The validity of the idea that there is a direct connection between mathematical equations and the science of physics and science more generally had been demonstrated in a dramatic fashion: Simple mathematical equations could be used to describe the natural world. Newton’s laws became the most fundamental laws of physics and are still widely used in engineering today. They were replaced by the theory of relativity and quantum mechanics only in the twentieth century.
One of Newton’s many insights was that if you can describe a physical system with equations and then solve said equations, then you can not only describe the past and present but also predict the future. Indeed, Newton mainly developed his new mathematics to achieve more accurate predictions in physics. Newton showed that physical phenomena could be expressed in mathematical terms. This enabled him to make precise numerical predictions which could then be compared with measured values.

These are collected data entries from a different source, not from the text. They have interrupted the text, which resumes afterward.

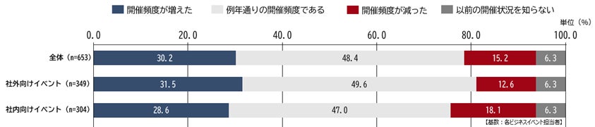 23年度のイベント開催頻度は7割以上のイベントがコロナ前と比較しても増えた、または同等となっており、特に社外向けのイベントに関しては増えていると答える割合が高くなっています(図表2)。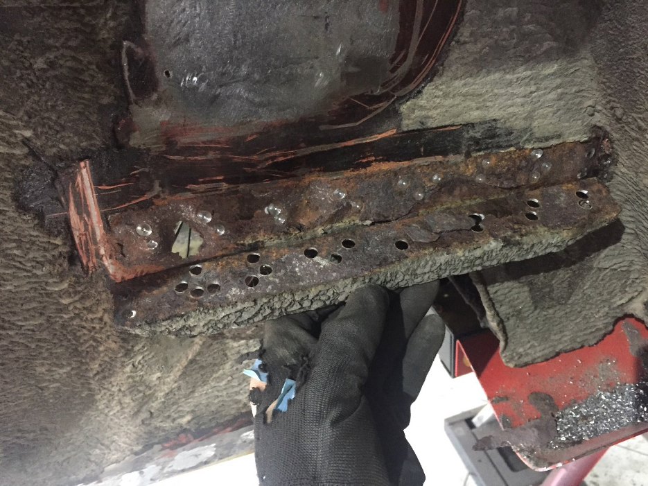 Z lewej strony też wzmocnienie nad wycięciem na belkę tylną było zardzewiałe.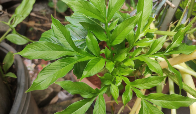 Нижнюю часть черенка, по факту ножку буквы Y, нужно припудрить стимулятором корнеобразования, например, можно использовать Корневин. А затем посадить во влажную очень рыхлую почву, заглубив, немного не доходя до листовых пластинок.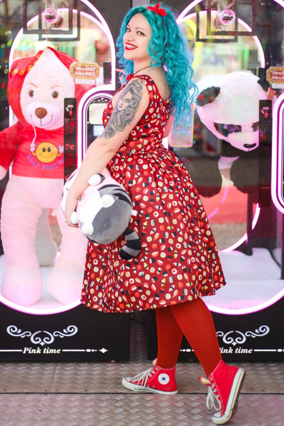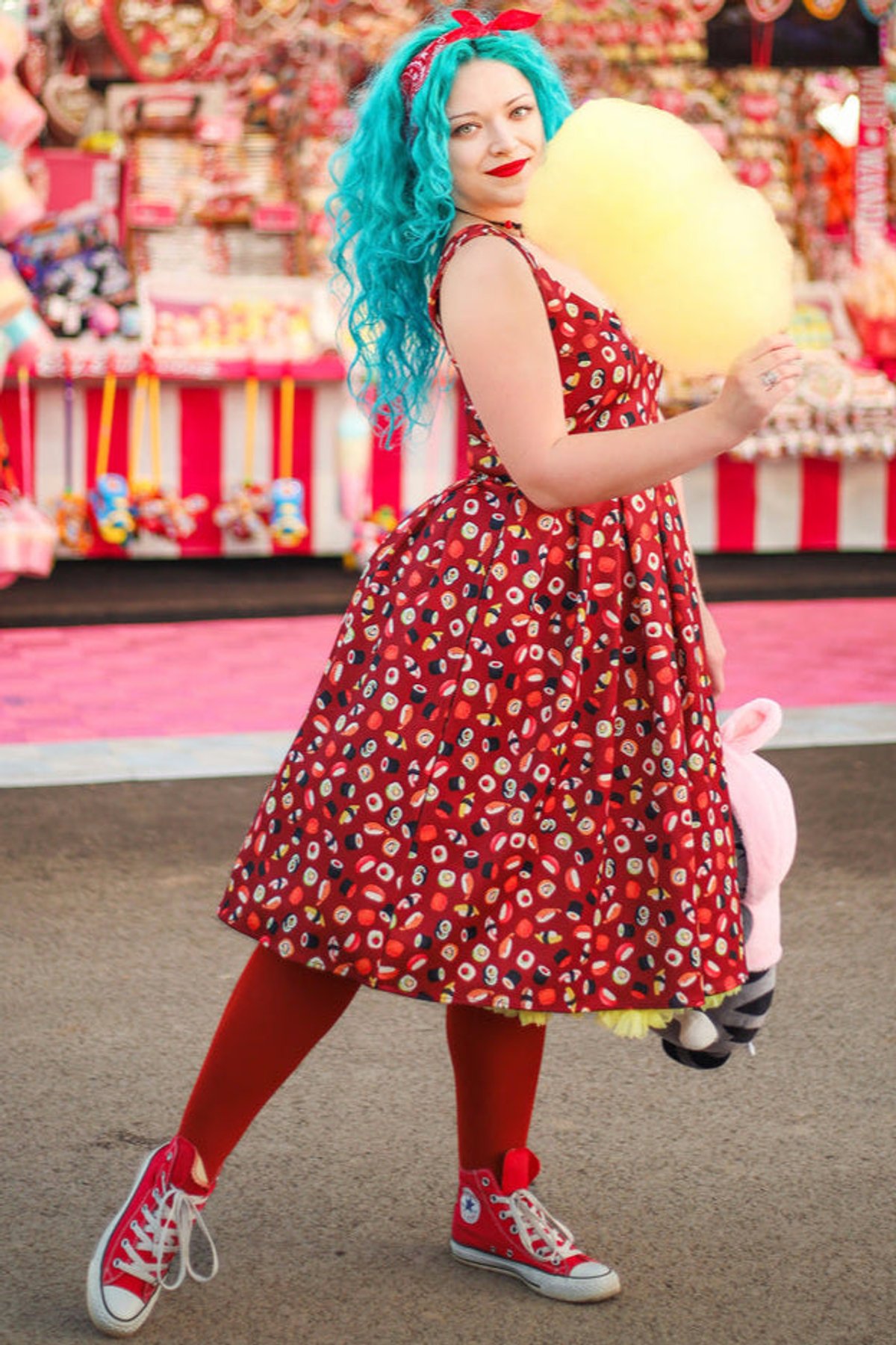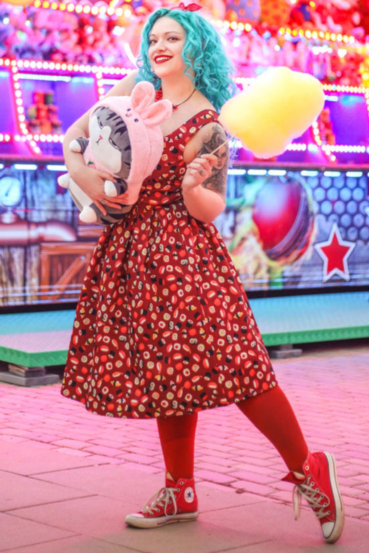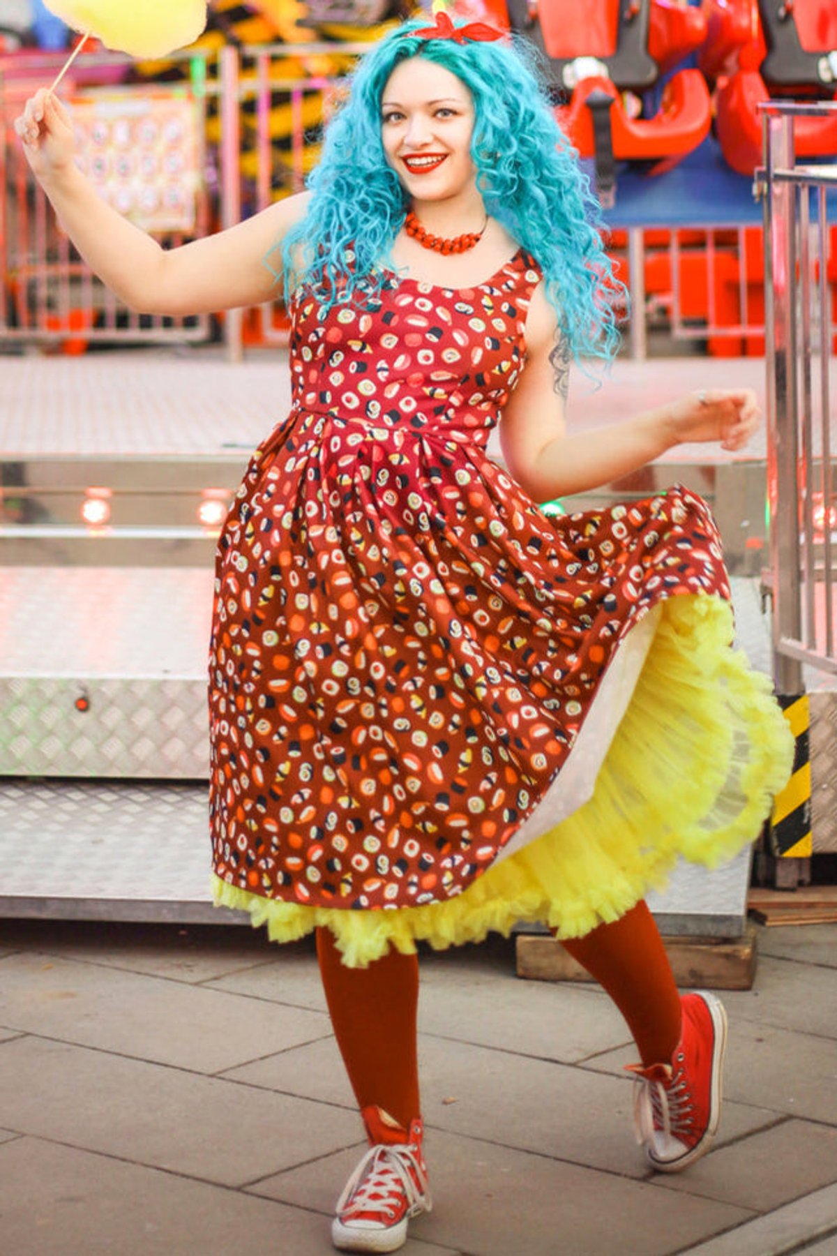 Unleash your fun side with the Amanda Burgundy Quirky Sushi Print Dress—a true showstopper that effortlessly blends playful charm with chic sophistication. The rich burgundy hue serves as the purrfect backdrop for the whimsical sushi print, making this dress a delightful statement piece. Its flared skirt swirls with every move, giving you that irresistible sense of movement and flair, while the stretchy fabric ensures you stay comfy enough to conquer your day in style. The fitted waistline accentuates your curves, and the sleeveless design keeps things breezy and light. Whether you're feeling mischievous or just want to make a subtle splash, this dress is your new go-to for fun, fashionable moments.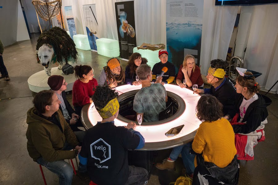 Hear also about the hello X March to the Future a parade through the streets of central Tromsø behind a ceremonial ship of dreams wearing seaweed and boats on our heads and led by the epic all-female drum corps, the Tromsø Tamborene. Check out links below to videos, pictures, and press coverage from the March to the Future. Email us a voicememo at helloX@ice-9.no and tell us what time it is on the clock of the earth. Thanks to Chin Keeler, Mikey Weinkove, the Tromsø Tamborene, Northern Norway Art Museum, and Polaria Science Center, Vårscenefest… and special thanks to all the amazing participants!

The success of Newton’s approach was unprecedented. No scientific theories before had come even close to achieving a similar accuracy in the predictions that were confirmed by subsequent empirical work. A well-known case is the discovery of planet Neptune. Soon after Uranus was discovered in 1781, predictions about its orbit, based on Newton’s laws, were published. However, they were found to deviate strangely from the predicted motions. Some astronomers suspected Newton’s laws to not be accurate at large distances, but English astronomer John Couch Adams and French astronomer Urbain Le Verrier reasoned instead that an undiscovered massive planet caused Uranus to stray from its predicted motion. Adams and Leverrier put forward their mathematical predictions about Neptune’s orbit. It took a while until they were considered seriously, but once this happened, Neptune was found rapidly.
13.2 Scientific Determinism
Newton’s approach is one that many scientists to this day follow and is called scientific determinism. It is the belief that the world, including the mental world, can be described completely in all its glorious detail. Everything that happens or will happen in the future can be explained by what happened in the past; nothing is uncertain.
Scientific determinism culminated in the claim that came to be known as Laplace’s demon. Laplace claimed that
we ought then to regard the present state of the universe as the effect of its anterior state and as the cause of the one which is to follow. Given for one instant an intelligence which could comprehend all the forces by which nature is animated and the respective situation of the beings who compose it – an intelligence sufficiently vast to submit these data to analysis – it would embrace in the same formula the movements of the greatest bodies of the universe and those of the lightest atom; for it, nothing would be uncertain and the future, as the past, would be present to its eyes.1
In other words, if you, or a demon, knew the position and momentum of every particle in the universe, and ran it forward, you could predict the future in all its detail.
Modern incarnations of this view include claims that soon it will be possible to replicate the human brain perfectly in a digital format and upload individual human minds, including the billions of neurons and their trillions of connections, to a computer.2 The assumption is that if you know all the detailed parts of the brain and how they work together then nothing will be unknown. Scientific determinism, in its strong version, has it that everything in the universe is fully determined and hence can, at least theoretically, ultimately be described. A perfectly predictable world is possible because there is no inherent randomness in its structure, or as Einstein put it: ‘God doesn’t play dice.’3
13.3 Probabilistic Predictions
The backlash to the idea of perfect scientific determinism came in the early twentieth century. At least two serious challenges to the claim that it may be possible to completely determine everything have arisen. As a result of these challenges, scientific determinism has fallen out of favor with a substantial number of scientists.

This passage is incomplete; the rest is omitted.